Short Breaks for children with disabilities - service offer for 2025/26
February 20, 2025 Executive Director Children, Families and Lifelong Learning (Officer) Approved View on council websiteThis summary is generated by AI from the council’s published record and supporting documents. Check the full council record and source link before relying on it.
Summary
...to mitigate the loss of additional DfE Short Breaks Innovation Funding for 2025/26, the proposed changes to the delivery of short breaks services were approved and will be implemented, prioritizing core services for children with the most complex needs while deprioritizing other discretionary services.
Full council record
Purpose
Background to issue
Surrey County Council (SCC) has statutory duties
that require it to provide a range of short breaks services for
children with disabilities. As part of this, the Council
commissions different play and leisure services from external
providers that are tailored to meet the varied needs of these
children in the county.
In
2024/25, SCC received £950k of additional short-term funding,
secured through a successful funding application to the Department
for Education’s (DfE) Short Breaks Innovation Fund, following
on from £907k secured in 2023/24. This funding enabled new
short breaks services to be piloted, in addition to those funded
from the core SCC budget, as well a short breaks co-production
project, to work with parents and carers to improve the current
offer and additional SCC commissioning staff to enable the
co-production work and cover off the additional reporting,
evaluation and contract management required for DfE-funded
activity.
The
additional delivery pilots have included:
Play and
leisure for children with complex needs who require 1:1 staff
support
£430,000
Whole-family short breaks
£168,000
Wrap-around support for families delivered by play and leisure
providers
£36,000
Pump-priming of an additional short notice overnight respite
service within an SCC children’s home
£180,000
Issue to resolve
The DfE
has formally confirmed that the short-term, additional funding
provided in 2024/25 will not be available from April 2025. As a
result, SCC must ensure its short breaks offer is affordable within
the agreed core budget for 2025/26.
To
achieve this, the following changes are proposed to the short
breaks offer in 2025/26 to:
-
The Children’s Resources Service is reviewing
options to enable the move of the additional short-notice overnight
respite provision into business as usual, following the 2024/25
pilot phase.
-
Not extending the pilot of wrap-around support for
families accessing play and leisure provision, as this does not
directly support our statutory duties in relation to short breaks.
We will be asking providers to take forward the learning from this
where possible, as part of their ongoing work with families.
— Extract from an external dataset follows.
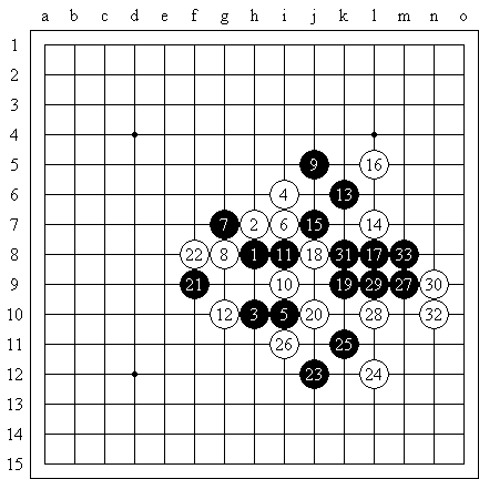 RIF规则。和我赛前设想的一样,王硕的棋走得稍微死板,缺乏创意,也就难以造成取胜的机会。20-21我认为是更好的手段,21后,前天晚上我在网上见到了22-f6的变化,简单拆了拆发现很有味道。实战中的22把机会完全留给了黑棋。23-k12或许也是不错的变化,实战23-23则是为了保留向左发展的机会,24大恶手!这就好像一个初学禁手的棋手为了造出长连而刻意走出的手段,但在长连之前,25首先是成两个活二的好点,如此24实在不堪。事实上,最后我的取胜也恰恰是充分利用了这个特殊的长连形状。实际上,27以下的胜法好像稍有问题,但刚刚拆解后发现26确实是必败的一手,有兴趣的朋友可以再自己研究一下。

This
offer had supported 79 parent carers between April and December
2024.
-
Not extending the pilot family breaks offer, apart
from two small external contracts (£14k total) that are due
to end on 31 March 2026, reflecting the fact that this is does not
directly support our short breaks statutory duties. This offer
supported 55 families in 2023/24, with 2024/25 expected to be
similar. All these families are open to the Children with
Disabilities Service, with family breaks provided in addition to
the statutory support allocated via children’s Care
Plans.
-
Not extending time-limited Innovation contracts that
SCC has awarded to four local providers, which end on 31 March
2025, and instead allocating this funding (£98k) to
SCC’s core play and leisure service contracts, including the
DfE-funded enhanced offer for children who require 1:1 support.
These services were commissioned to reach 225 children and 40
parents in 2024/25.
-
Prioritising investment to SCC’s core play and
leisure services, particularly to sustain targeted schemes for
children with complex needs who require 1:1 support (£430k)
and complex health, visual impairment and autism (£213k).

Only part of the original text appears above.